→ Work required: Begin at the line containing "北美与南美一样,也是有4支参" in the records below, end at the line containing "인스타그램 Business 계정과", and retype each line in that span exactly. No other line and no image should appear.

→ Records:

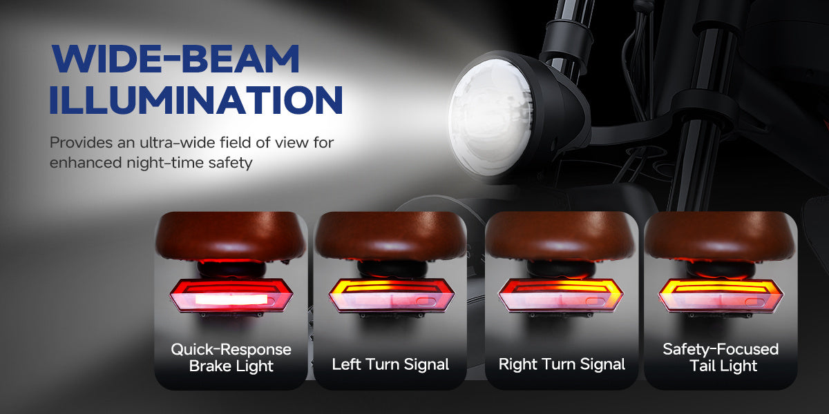 Safety & Control : Front/rear mechanical disc brakes ensure reliable stopping power. IP54 water resistance protects against splashes and dust. Includes headlight + brake taillight for enhanced visibility.
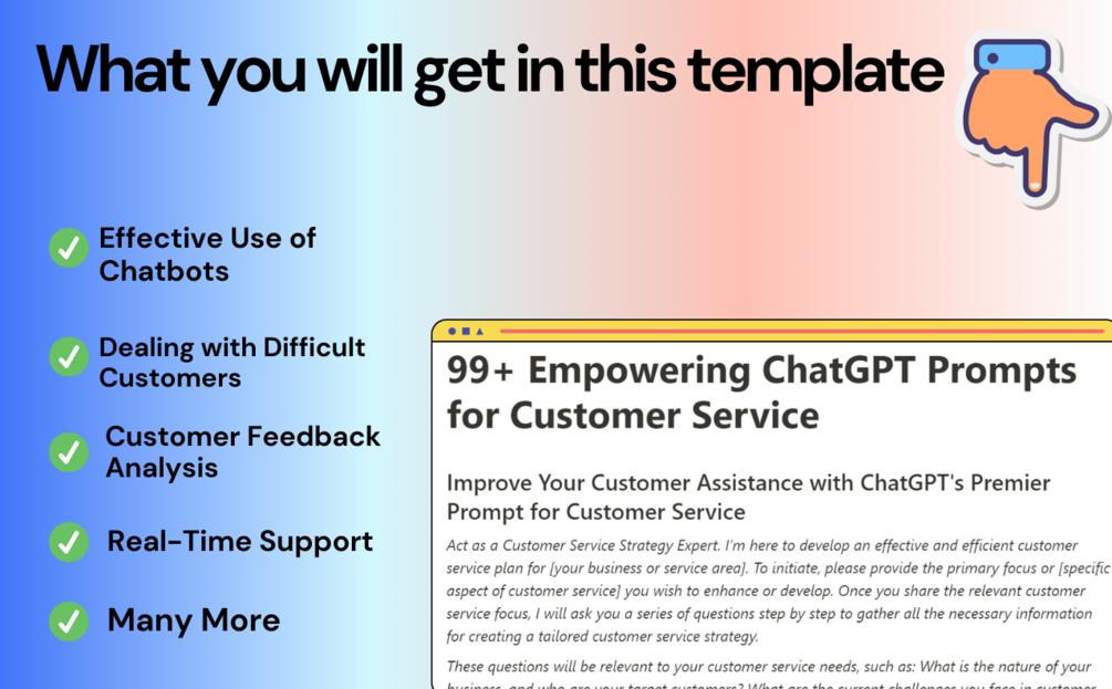 - What can I expect from ChatGPT Prompts for Customer Service? Our prompts offer diverse solutions for every customer query, ensuring efficient and effective service at an unbeatable price.
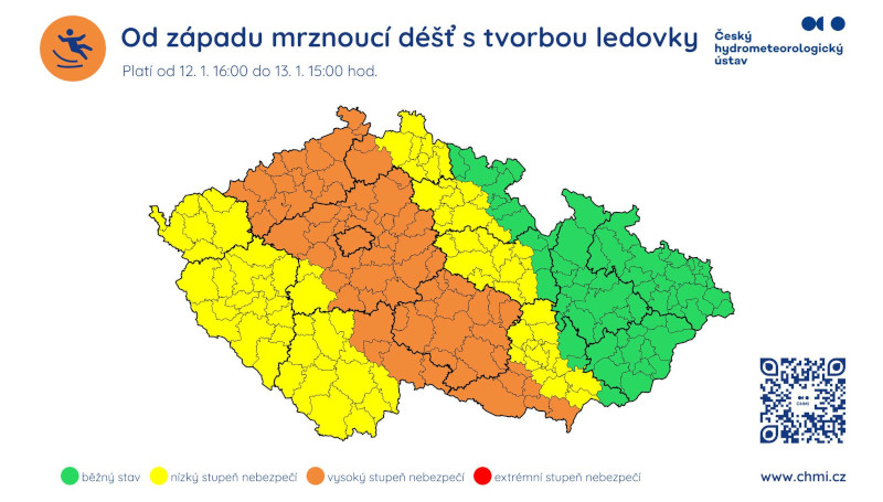 Tloušťka ledovky zejména v pásu od severozápadních Čech přes střední Čechy až na jihozápad Moravy může dosáhnout 2 až 5 mm. Na severovýchodě a východě území srážky zůstanou většinou sněhové.
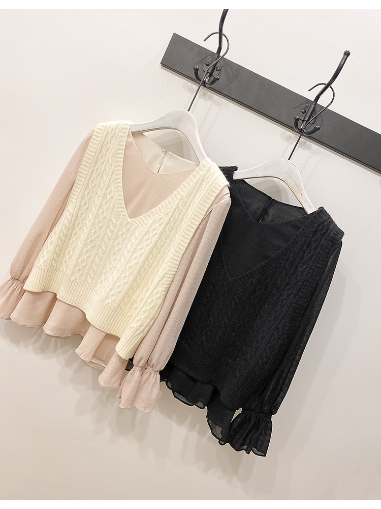 XXTHEMCAPS Korea JJ Home Guest for Folds Yarn Fairy Elegant Lotus Leaf Sleeve Small Skirt Hem Shirt 2 Color
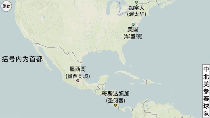 北美与南美一样,也是有4支参赛球队,最北面的加拿大是第2次参加,上次是在1986年的墨西哥世界杯。由于下届世界杯由美国、墨西哥和加拿大联合承办,这三个国家都将获得连续参赛的机会。
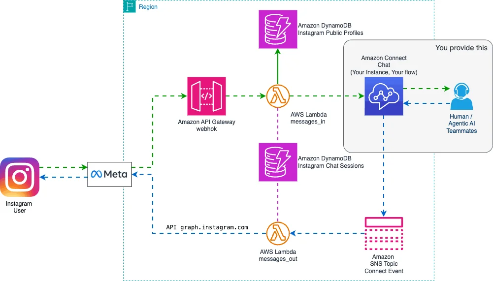 인스타그램 Business 계정과 Amazon Connect 연동 시 Lambda 웹훅 핸들러 + DynamoDB 세션/프로필 캐시 구성으로 별도 중개 서비스 없이 직접 메시지 라우팅 가능
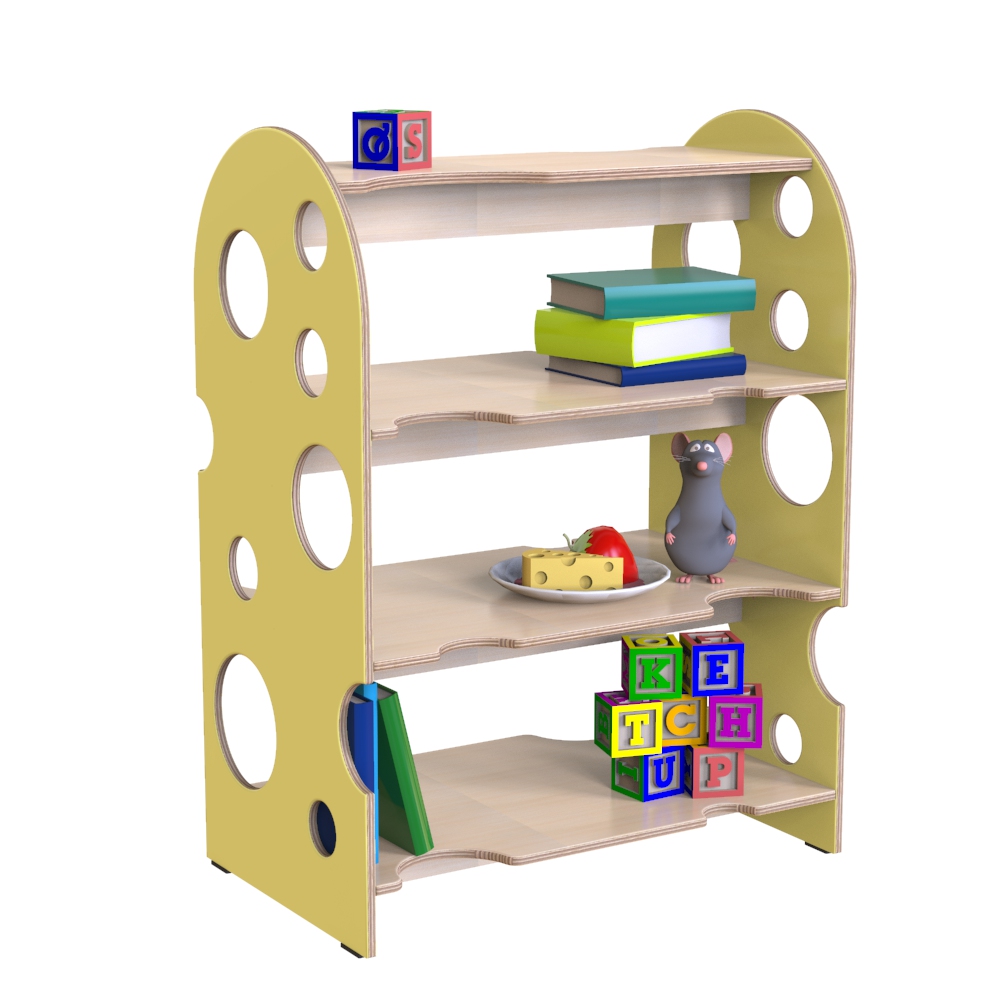 Детский стеллаж для игрушек ?Сыр? поможет создать в комнате малыша или игровой зоне дошкольного учреждения уютную атмосферу. Приятный цвет и оригинальный дизайн в виде сыра обязательно понравятся каждому ребенку. Модель отлично дополнит разнообразные интерьеры детских комнат и игровых зон в дошкольных учреждениях.Конструкция разработана таким образом, что все необходимые предметы находятся в свободном доступе для малышей. Они в любой момент смогут взять и поставить на место необходимую вещь без помощи взрослых. Модель не имеет острых углов, что делает ее безопасной для маленьких детей.Основные характеристики изделияРазмеры детского стеллажа: 780х640х1040 мм.Имеет 4 вместительные полочки для размещения книг, игрушек, сувениров и других вещей.Для изготовления изделия использована фанера, толщиной 15 мм, покрытая пластиком.Вес стеллажа составляет 31 кг.Конструкция имеет двойные ножки-гвоздики, что защищает напольное покрытие от повреждений.Мы предоставляем гарантийный срок эксплуатации на 12 месяцев.Оформление заказаМы предлагаем доступные цены на детские стеллажи, так как являемся непосредственным производителем мебели. Чтобы оформить покупку, заполните необходимые поля на сайте. Оплата заказа возможна наличным и безналичным платежом. Доставка товаров осуществляется в любой регион Украины удобными для вас транспортными службами. Услуги доставки и сборки оговариваются и оплачиваются отдельно. На сайте представлены номера телефонов для связи с нашими менеджерами.

→ Solution below:
 北美与南美一样,也是有4支参赛球队,最北面的加拿大是第2次参加,上次是在1986年的墨西哥世界杯。由于下届世界杯由美国、墨西哥和加拿大联合承办,这三个国家都将获得连续参赛的机会。
 인스타그램 Business 계정과 Amazon Connect 연동 시 Lambda 웹훅 핸들러 + DynamoDB 세션/프로필 캐시 구성으로 별도 중개 서비스 없이 직접 메시지 라우팅 가능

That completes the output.